• _Work instructions_: Line by line, copy the records below exactly and leave the pictures out.

####################

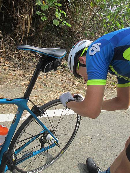 他們都不知道休息多久了,不知是誰還買了沙士讓我補給,實在是太感謝了。然後就是究責大會的開始,阿修秀出他幫秉程換胎的照片,我們則是吐他槽說,不要以為時間超過,把輪子拿下來就可以當成理由XD。
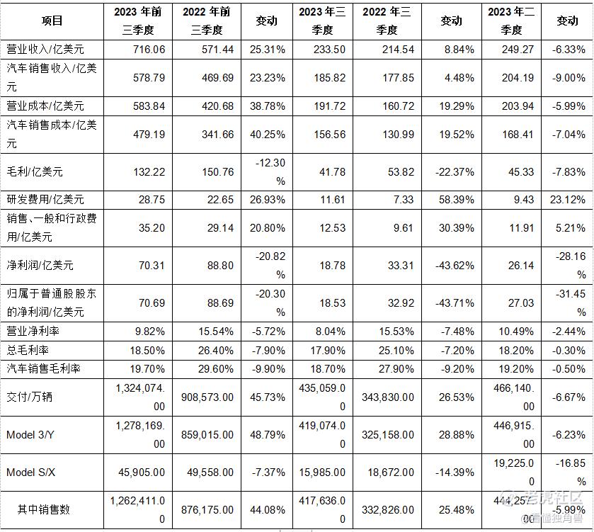 从营收来看,截至9月底,特斯拉前三季度的总营收为716.06亿美元,同比增长25%;第三季度的总营收为233.50亿美元,同比增长9%,环比下降6%,其中汽车销售收入为185.82亿美元,同比增长4%,环比下降9%,出现了负增长,第三季度营收增长未达市场预期,给四季度带来了不小的业绩压力。从交付量来看,前三季度汽车销售的交付量同比上涨44%,第三季度交付量同比上涨25%,环比下降6%。上述数据显示,特斯拉营收同比的涨幅明显小于交付量的涨幅,可见汽车的平均单价在下降,特斯拉通过降价策略实现规模化,但交付量环比下降说明通过降价实现的规模化效应在逐渐减弱。
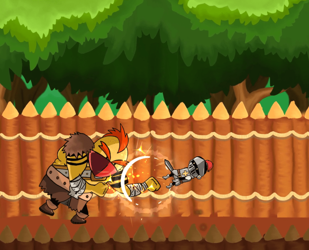At its core, this is a fast-paced, action-packed side scroller that is easy to pick up. Pitchfork Kingdom aims to bring feelings of joy and humor as it creates memorable moments in its fabled world. Bandits, knights, and a variety of traps and obstacles will attempt to stop you from completing your quest and achieving the happy ending. Through simple yet deep mechanics, you will fight your way across the countryside, bandit-infested forests, and the castle walls while on your adventure. All the experience you gain will be put to the test with every new boss and mob that you fight. Equipped with your sword and your bow, the fate of the Kingdom is in your unlikely hands.
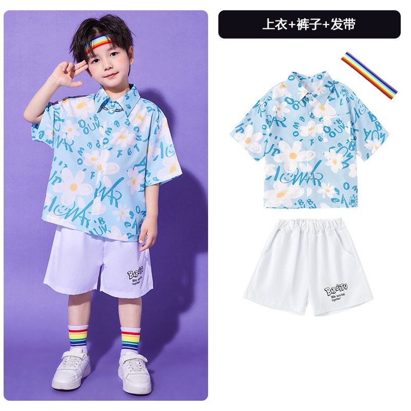 • DL05 스카이 블루 플라워 셔츠 D02 화이트 블랙 반바지 컬러 스트립 헤어 밴드
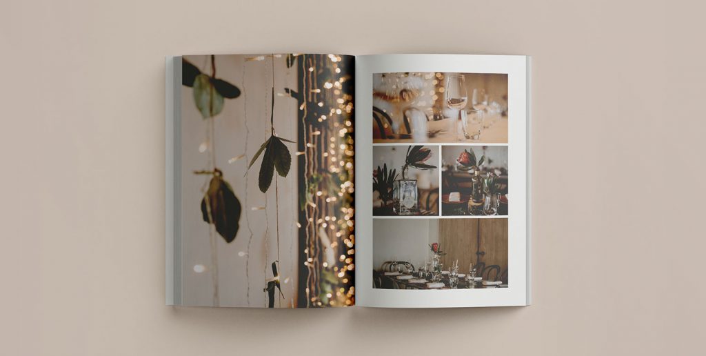 Your magazine style wedding album will be A4 portrait size (210 x 297mm), comes perfect bound and will have 180 pages. These pages will include up to 300 images. We’ve found this is just the right amount to showcase your full wedding day; bride and groom getting ready, the ceremony, bridal party, the perfect golden hour shots, the reception and even husband and wife cutting some shapes on the dance floor.
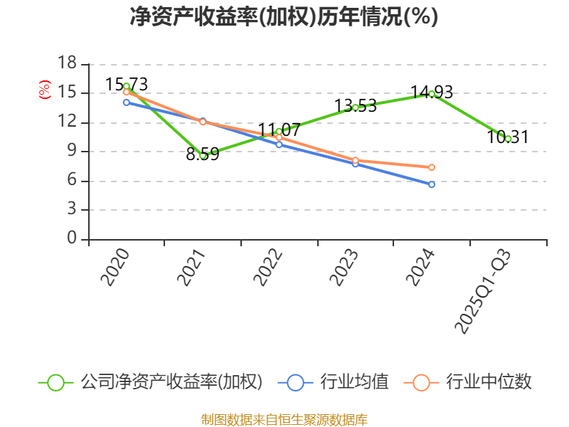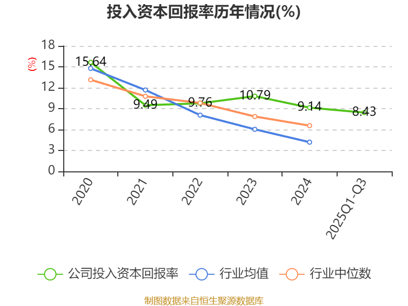 盈利能力方面, 2025年前三季度公司加权平均净资产收益率为10.31%,同比下降1.62个百分点。公司2025年前三季度投入资本回报率为8.43%,较上年同期上升0.45个百分点。
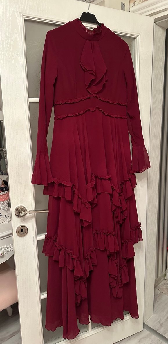 Bordo renk şifon elbise 1 kere giyildi boyundan tadilat yapılmadı siz ölçünüze göre yaptırabilirsiniz kalıbı dardır 40 beden tercih edebilir.
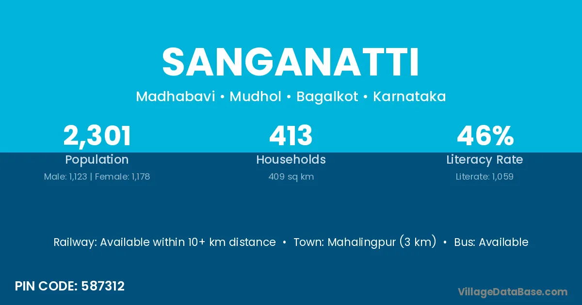 Mahalingpur (3 km) is the nearest town to Sanganatti village for major economic activities and is located approximately 3 km away.
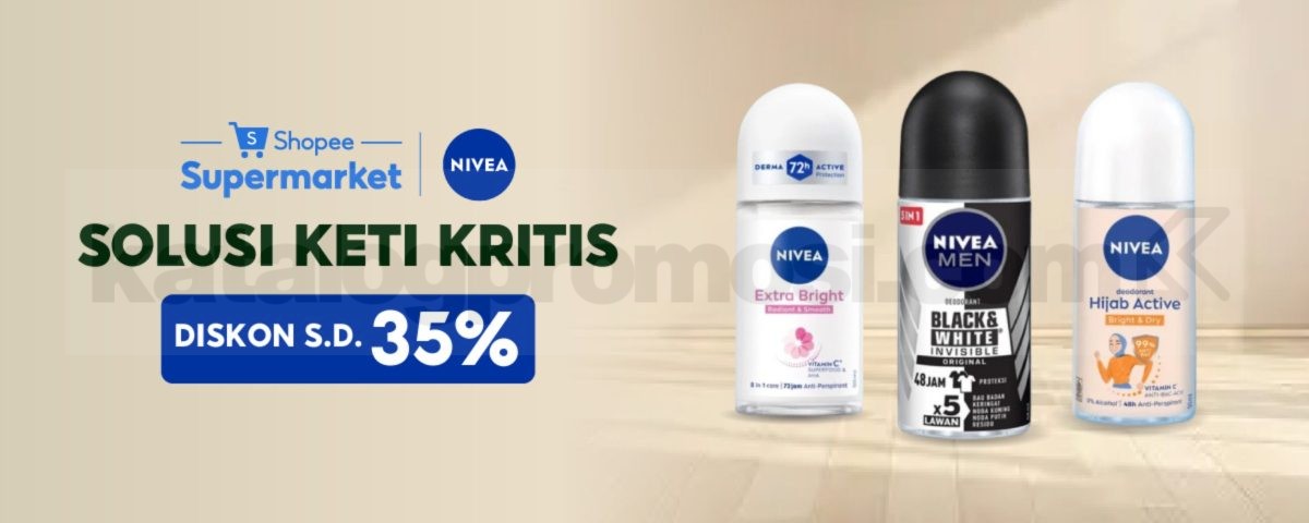 Promo Nivea Shopee Supermarket Deodorant Diskon 35% hemat hingga 35% untuk perawatan ketiak lebih percaya diri dengan produk Nivea Deodorant di Shopee Supermarket berlaku 14 April 2026 – 30 April 2026.
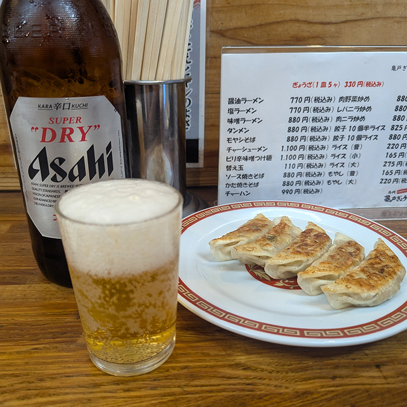 注文をするとビールとほぼ同時に1枚目の餃子が供される。ちょうどいい焼き加減。ビールの冷え方は錦糸町店と比べるとやや温め。
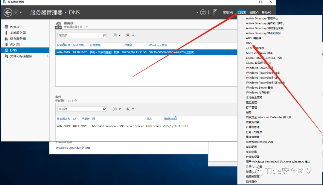 10、检查DNS服务器是否已获取到主域控制器传输过来的DNS服务器配置,检查正常后需要把辅域控制器的DNS服务器 msdcs.tide.com 和 tide.com 的起始授权机构(SOA)区域传送设置成允许
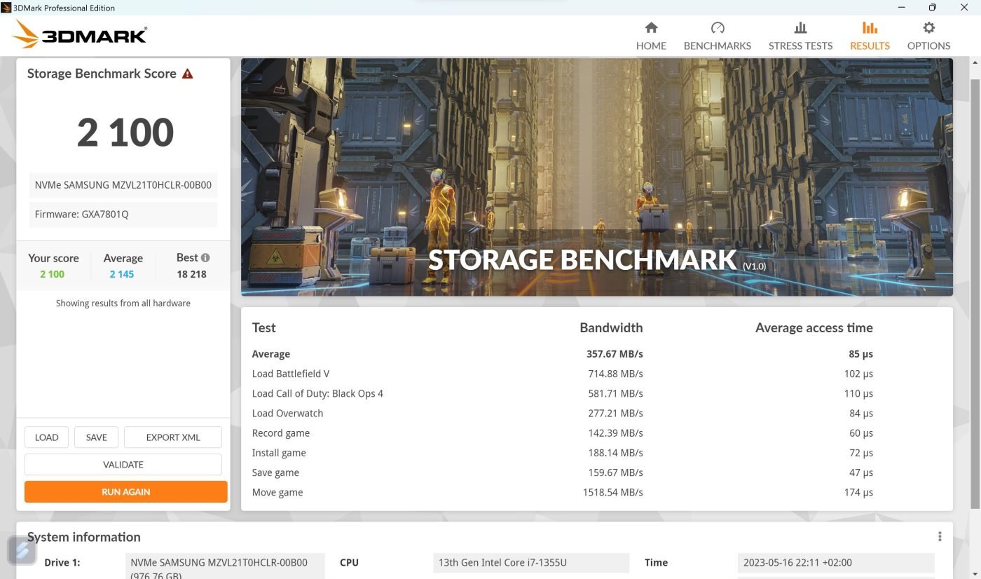 Dane zapiszemy na dysku SSD M.2 NVMe PCIe 4.0 o pojemności 1 TB. Konkretnie jest to dysk Samsung PM9A1 (MZVL21T0HCLR-00B00), który osiąga szybkość odczytu na poziomie 7000 MB/s i zapisu 5100 MB/s – przynajmniej w teorii. W praktyce jest nieco gorzej, co możecie zobaczyć po wynikach uzyskanych w testach syntetycznych:
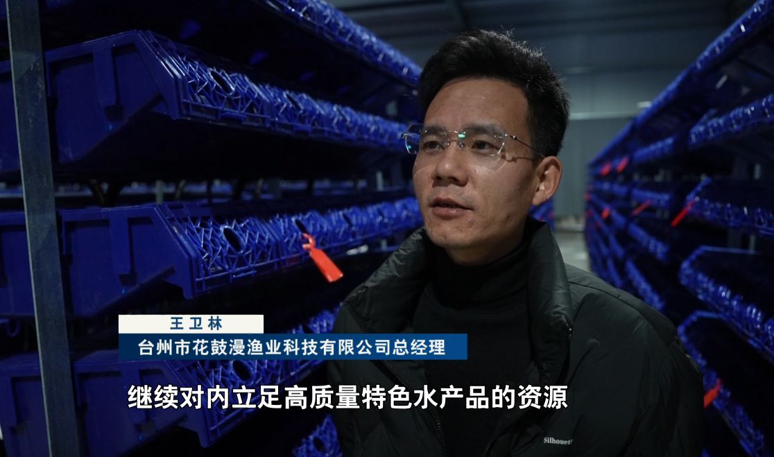 台州市花鼓漫渔业科技有限公司总经理 王卫林:继续对内立足高质量特色水产品的资源,通过工厂化养殖、加工等手段提高产量和附加值,对外开拓海外市场,以多种方式带动村民增收致富。
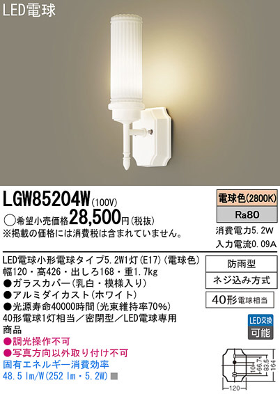 Panasonic LED エクステリア・アウトドア LGW85204W
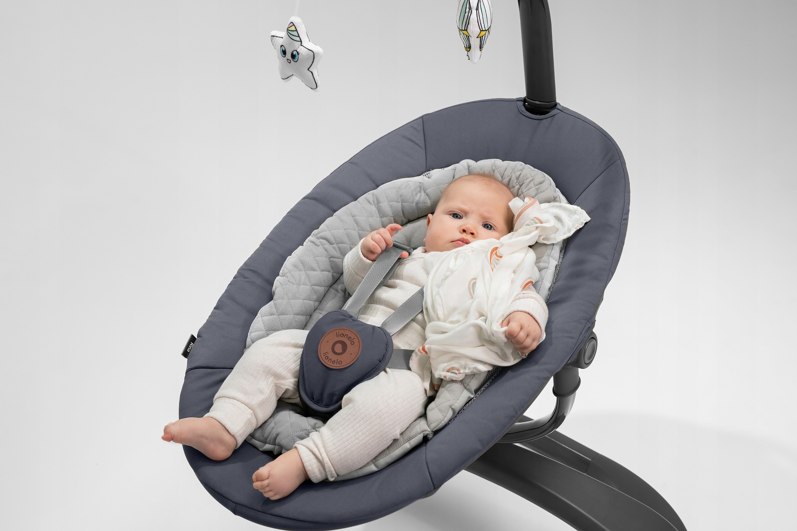 Вращающееся сиденье качалки Lionelo Rina позволяет не только менять направление качания, но и регулировать сиденье b> чтобы вы всегда могли поддерживать зрительный контакт с ребенком.
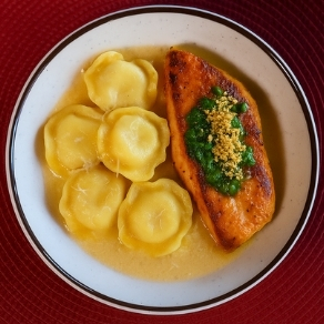 Uma combinação surpreendente de sabores: ravioli artesanal de banana-da-terra com toque adocicado, servido ao lado de salmão grelhado no ponto certo, finalizado com pesto de coentro e farofa crocante de panko.
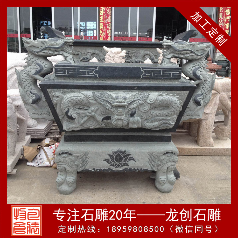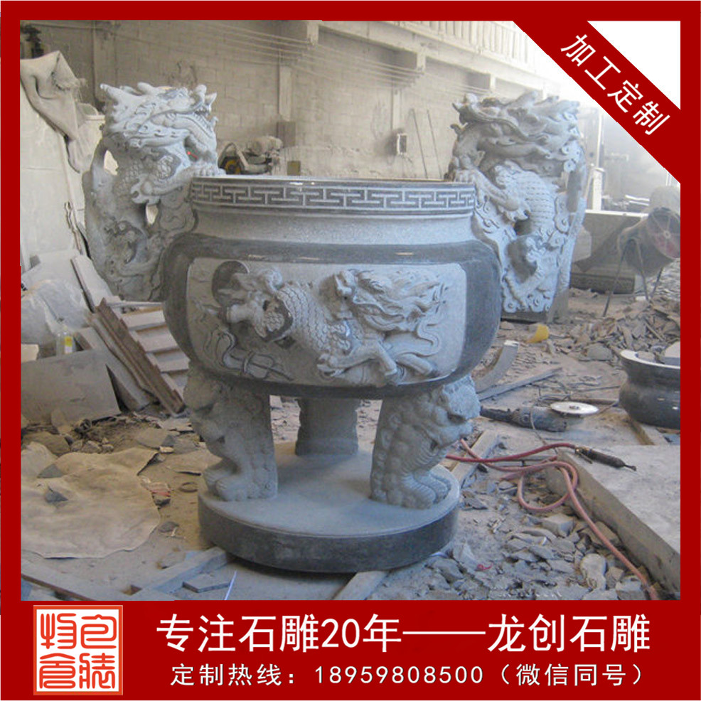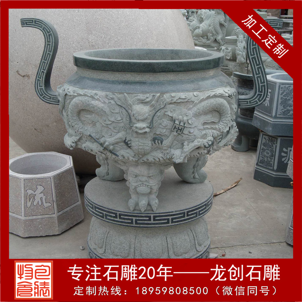 石雕圓形香爐會選用石材雕刻而成的石雕香爐還有一大原因,那就是原始的材質問題,使用天然石材雕刻而成的寺院香爐放置于殿外,不怕風吹日曬,不易腐化,使用年限久遠!那么寺院石雕香爐常用的石材有哪些呢,青石香爐、芝麻黑香爐、大理石香爐,這三種石雕香爐是較為常見的。古人的香爐都是需有爐蓋的,即使是宋代的石雕小香爐,也要配上爐蓋,云起香堂的香器沿襲了這一習慣,精致典雅的香爐令人一眼看上去就喜歡?,F代石雕香爐也有很多帶蓋的,帶獸耳的,款式更加多樣化了。我們在寺院中多見于圓形的石雕香爐,此石雕香爐都有三足,一足在前,兩足在后,是如法的放置;常以之譬喻佛教中的三寶,缺一不可。
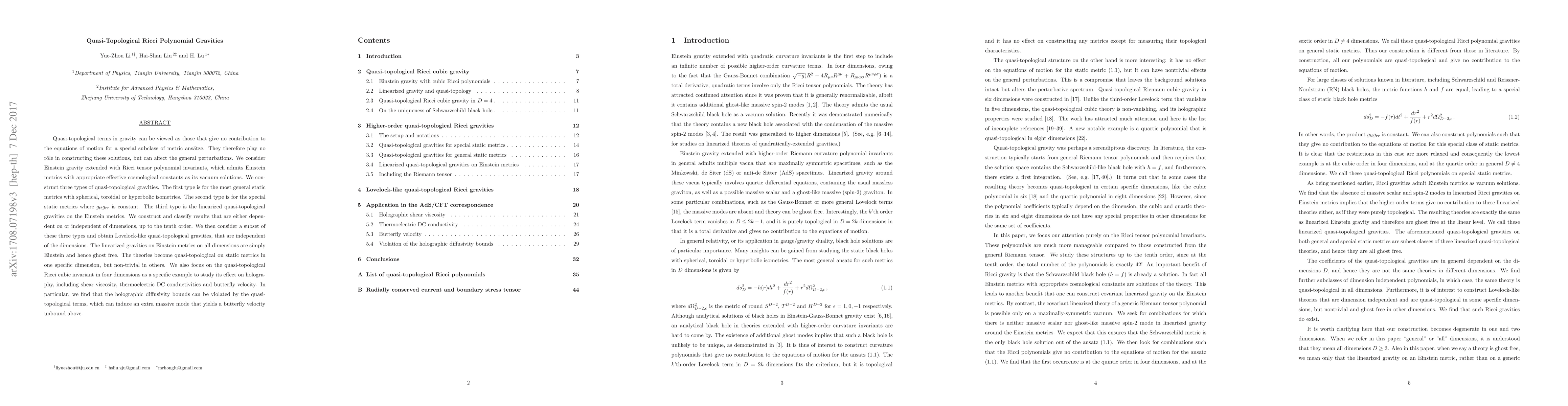 Quasi-topological terms in gravity can be viewed as those that give no contribution to the equations of motion for a special subclass of metric ans\"atze. They therefore play no r\^ole in constructing these solutions, but can affect the general perturbations. We consider Einstein gravity extended with Ricci tensor polynomial invariants, which admits Einstein metrics with appropriate effective cosmological constants as its vacuum solutions. We construct three types of quasi-topological gravities. The first type is for the most general static metrics with spherical, toroidal or hyperbolic isometries. The second type is for the special static metrics where $g_{tt} g_{rr}$ is constant. The third type is the linearized quasi-topological gravities on the Einstein metrics. We construct and classify results that are either dependent on or independent of dimensions, up to the tenth order. We then consider a subset of these three types and obtain Lovelock-like quasi-topological gravities, that are independent of the dimensions. The linearized gravities on Einstein metrics on all dimensions are simply Einstein and hence ghost free. The theories become quasi-topological on static metrics in one specific dimension, but non-trivial in others. We also focus on the quasi-topological Ricci cubic invariant in four dimensions as a specific example to study its effect on holography, including shear viscosity, thermoelectric DC conductivities and butterfly velocity. In particular, we find that the holographic diffusivity bounds can be violated by the quasi-topological terms, which can induce an extra massive mode that yields a butterfly velocity unbound above.

####################

• _Written answer_:
 他們都不知道休息多久了,不知是誰還買了沙士讓我補給,實在是太感謝了。然後就是究責大會的開始,阿修秀出他幫秉程換胎的照片,我們則是吐他槽說,不要以為時間超過,把輪子拿下來就可以當成理由XD。
 从营收来看,截至9月底,特斯拉前三季度的总营收为716.06亿美元,同比增长25%;第三季度的总营收为233.50亿美元,同比增长9%,环比下降6%,其中汽车销售收入为185.82亿美元,同比增长4%,环比下降9%,出现了负增长,第三季度营收增长未达市场预期,给四季度带来了不小的业绩压力。从交付量来看,前三季度汽车销售的交付量同比上涨44%,第三季度交付量同比上涨25%,环比下降6%。上述数据显示,特斯拉营收同比的涨幅明显小于交付量的涨幅,可见汽车的平均单价在下降,特斯拉通过降价策略实现规模化,但交付量环比下降说明通过降价实现的规模化效应在逐渐减弱。
At its core, this is a fast-paced, action-packed side scroller that is easy to pick up. Pitchfork Kingdom aims to bring feelings of joy and humor as it creates memorable moments in its fabled world. Bandits, knights, and a variety of traps and obstacles will attempt to stop you from completing your quest and achieving the happy ending. Through simple yet deep mechanics, you will fight your way across the countryside, bandit-infested forests, and the castle walls while on your adventure. All the experience you gain will be put to the test with every new boss and mob that you fight. Equipped with your sword and your bow, the fate of the Kingdom is in your unlikely hands.
 • DL05 스카이 블루 플라워 셔츠 D02 화이트 블랙 반바지 컬러 스트립 헤어 밴드
 Your magazine style wedding album will be A4 portrait size (210 x 297mm), comes perfect bound and will have 180 pages. These pages will include up to 300 images. We’ve found this is just the right amount to showcase your full wedding day; bride and groom getting ready, the ceremony, bridal party, the perfect golden hour shots, the reception and even husband and wife cutting some shapes on the dance floor.
 盈利能力方面, 2025年前三季度公司加权平均净资产收益率为10.31%,同比下降1.62个百分点。公司2025年前三季度投入资本回报率为8.43%,较上年同期上升0.45个百分点。
 Bordo renk şifon elbise 1 kere giyildi boyundan tadilat yapılmadı siz ölçünüze göre yaptırabilirsiniz kalıbı dardır 40 beden tercih edebilir.
 Mahalingpur (3 km) is the nearest town to Sanganatti village for major economic activities and is located approximately 3 km away.
 Promo Nivea Shopee Supermarket Deodorant Diskon 35% hemat hingga 35% untuk perawatan ketiak lebih percaya diri dengan produk Nivea Deodorant di Shopee Supermarket berlaku 14 April 2026 – 30 April 2026.
 注文をするとビールとほぼ同時に1枚目の餃子が供される。ちょうどいい焼き加減。ビールの冷え方は錦糸町店と比べるとやや温め。
 10、检查DNS服务器是否已获取到主域控制器传输过来的DNS服务器配置,检查正常后需要把辅域控制器的DNS服务器 msdcs.tide.com 和 tide.com 的起始授权机构(SOA)区域传送设置成允许
 Dane zapiszemy na dysku SSD M.2 NVMe PCIe 4.0 o pojemności 1 TB. Konkretnie jest to dysk Samsung PM9A1 (MZVL21T0HCLR-00B00), który osiąga szybkość odczytu na poziomie 7000 MB/s i zapisu 5100 MB/s – przynajmniej w teorii. W praktyce jest nieco gorzej, co możecie zobaczyć po wynikach uzyskanych w testach syntetycznych:
 台州市花鼓漫渔业科技有限公司总经理 王卫林:继续对内立足高质量特色水产品的资源,通过工厂化养殖、加工等手段提高产量和附加值,对外开拓海外市场,以多种方式带动村民增收致富。
 Panasonic LED エクステリア・アウトドア LGW85204W
 Вращающееся сиденье качалки Lionelo Rina позволяет не только менять направление качания, но и регулировать сиденье b> чтобы вы всегда могли поддерживать зрительный контакт с ребенком.
 Uma combinação surpreendente de sabores: ravioli artesanal de banana-da-terra com toque adocicado, servido ao lado de salmão grelhado no ponto certo, finalizado com pesto de coentro e farofa crocante de panko.
 石雕圓形香爐會選用石材雕刻而成的石雕香爐還有一大原因,那就是原始的材質問題,使用天然石材雕刻而成的寺院香爐放置于殿外,不怕風吹日曬,不易腐化,使用年限久遠!那么寺院石雕香爐常用的石材有哪些呢,青石香爐、芝麻黑香爐、大理石香爐,這三種石雕香爐是較為常見的。古人的香爐都是需有爐蓋的,即使是宋代的石雕小香爐,也要配上爐蓋,云起香堂的香器沿襲了這一習慣,精致典雅的香爐令人一眼看上去就喜歡?,F代石雕香爐也有很多帶蓋的,帶獸耳的,款式更加多樣化了。我們在寺院中多見于圓形的石雕香爐,此石雕香爐都有三足,一足在前,兩足在后,是如法的放置;常以之譬喻佛教中的三寶,缺一不可。
 Quasi-topological terms in gravity can be viewed as those that give no contribution to the equations of motion for a special subclass of metric ans\"atze. They therefore play no r\^ole in constructing these solutions, but can affect the general perturbations. We consider Einstein gravity extended with Ricci tensor polynomial invariants, which admits Einstein metrics with appropriate effective cosmological constants as its vacuum solutions. We construct three types of quasi-topological gravities. The first type is for the most general static metrics with spherical, toroidal or hyperbolic isometries. The second type is for the special static metrics where $g_{tt} g_{rr}$ is constant. The third type is the linearized quasi-topological gravities on the Einstein metrics. We construct and classify results that are either dependent on or independent of dimensions, up to the tenth order. We then consider a subset of these three types and obtain Lovelock-like quasi-topological gravities, that are independent of the dimensions. The linearized gravities on Einstein metrics on all dimensions are simply Einstein and hence ghost free. The theories become quasi-topological on static metrics in one specific dimension, but non-trivial in others. We also focus on the quasi-topological Ricci cubic invariant in four dimensions as a specific example to study its effect on holography, including shear viscosity, thermoelectric DC conductivities and butterfly velocity. In particular, we find that the holographic diffusivity bounds can be violated by the quasi-topological terms, which can induce an extra massive mode that yields a butterfly velocity unbound above.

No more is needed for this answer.